### Directions
Please reproduce the data exactly, excluding any pictures it contains.

------------------------------

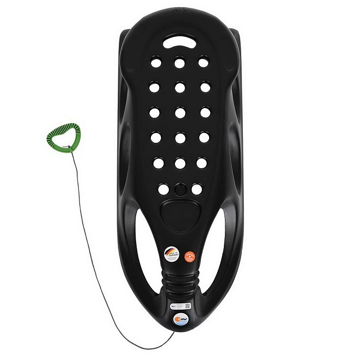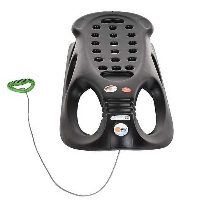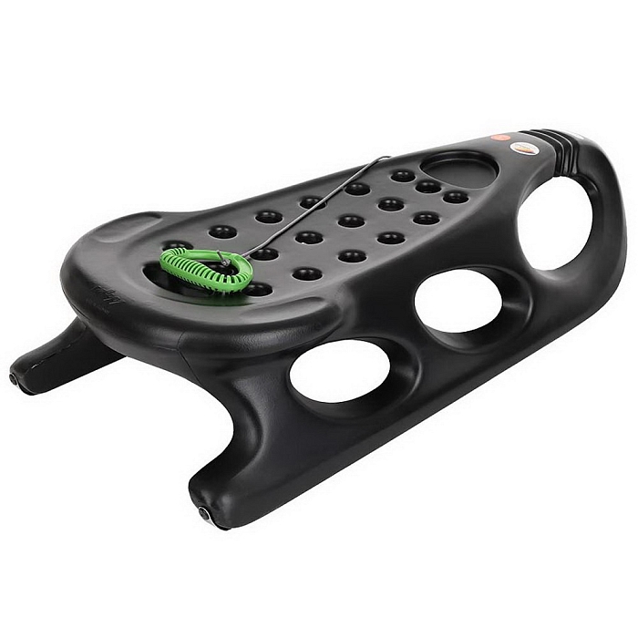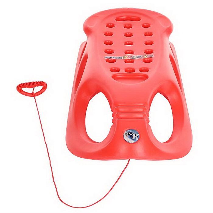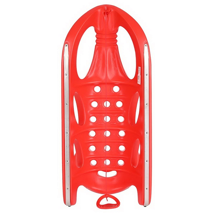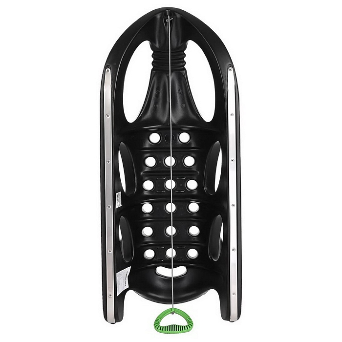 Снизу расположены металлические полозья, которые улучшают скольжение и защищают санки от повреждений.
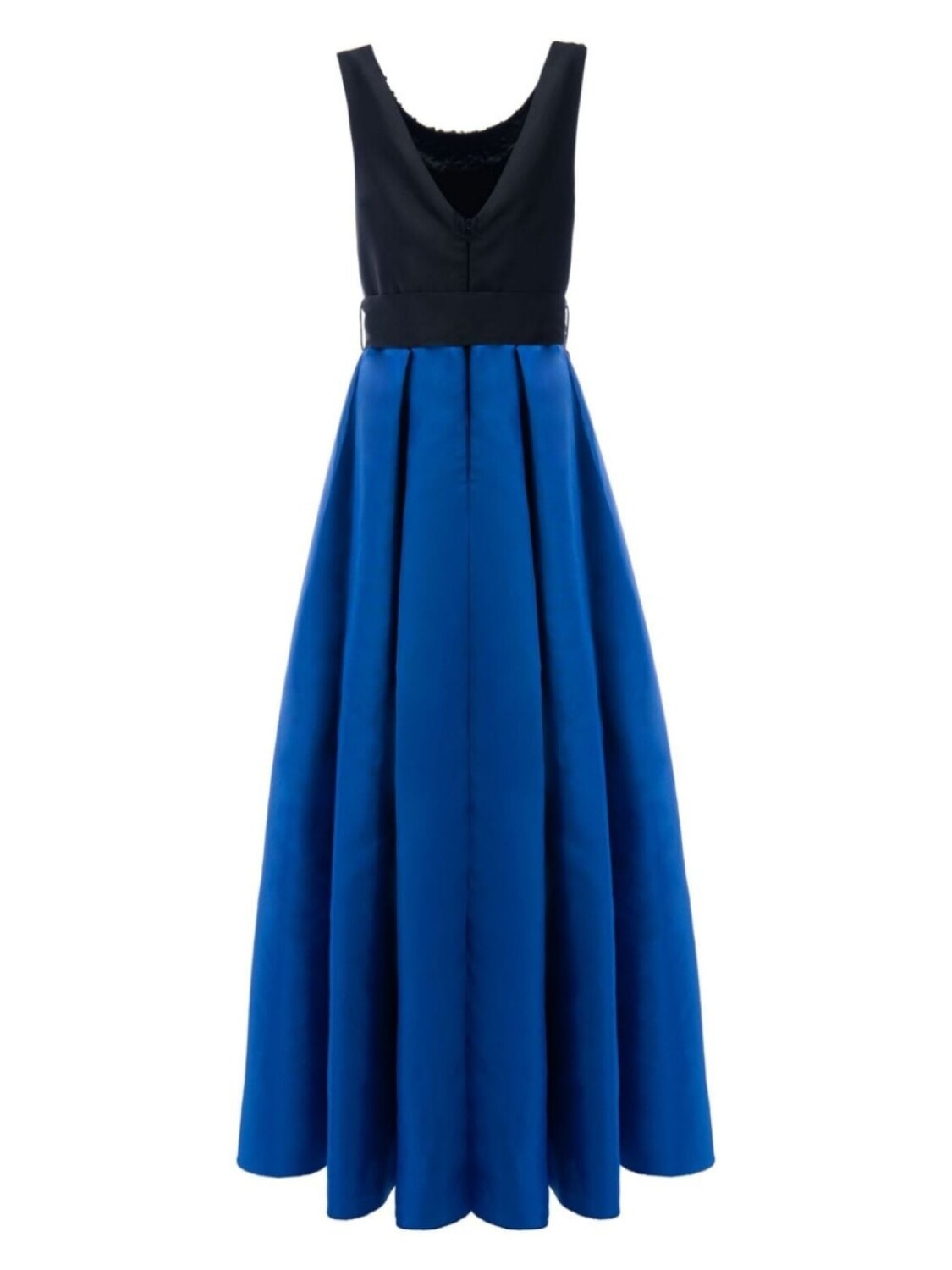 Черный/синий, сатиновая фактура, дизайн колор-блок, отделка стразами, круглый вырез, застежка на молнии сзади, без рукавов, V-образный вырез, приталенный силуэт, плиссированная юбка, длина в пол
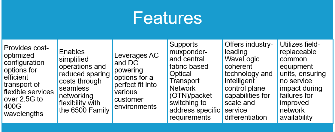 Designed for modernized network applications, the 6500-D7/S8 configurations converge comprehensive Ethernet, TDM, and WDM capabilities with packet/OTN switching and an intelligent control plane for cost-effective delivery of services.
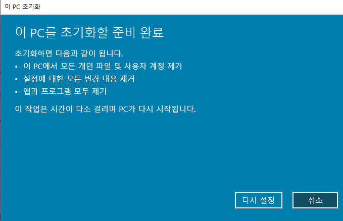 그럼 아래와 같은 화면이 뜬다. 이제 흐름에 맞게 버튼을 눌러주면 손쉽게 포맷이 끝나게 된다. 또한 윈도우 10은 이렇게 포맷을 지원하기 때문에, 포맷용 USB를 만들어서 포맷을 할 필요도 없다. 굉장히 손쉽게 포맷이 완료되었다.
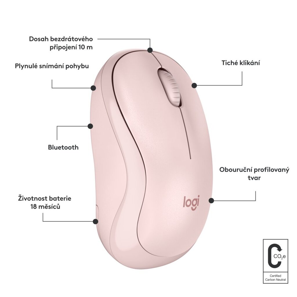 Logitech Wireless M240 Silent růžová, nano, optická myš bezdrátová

------------------------------

### Solution for this exercise
 Снизу расположены металлические полозья, которые улучшают скольжение и защищают санки от повреждений.
 Черный/синий, сатиновая фактура, дизайн колор-блок, отделка стразами, круглый вырез, застежка на молнии сзади, без рукавов, V-образный вырез, приталенный силуэт, плиссированная юбка, длина в пол
 Designed for modernized network applications, the 6500-D7/S8 configurations converge comprehensive Ethernet, TDM, and WDM capabilities with packet/OTN switching and an intelligent control plane for cost-effective delivery of services.
 그럼 아래와 같은 화면이 뜬다. 이제 흐름에 맞게 버튼을 눌러주면 손쉽게 포맷이 끝나게 된다. 또한 윈도우 10은 이렇게 포맷을 지원하기 때문에, 포맷용 USB를 만들어서 포맷을 할 필요도 없다. 굉장히 손쉽게 포맷이 완료되었다.
 Logitech Wireless M240 Silent růžová, nano, optická myš bezdrátová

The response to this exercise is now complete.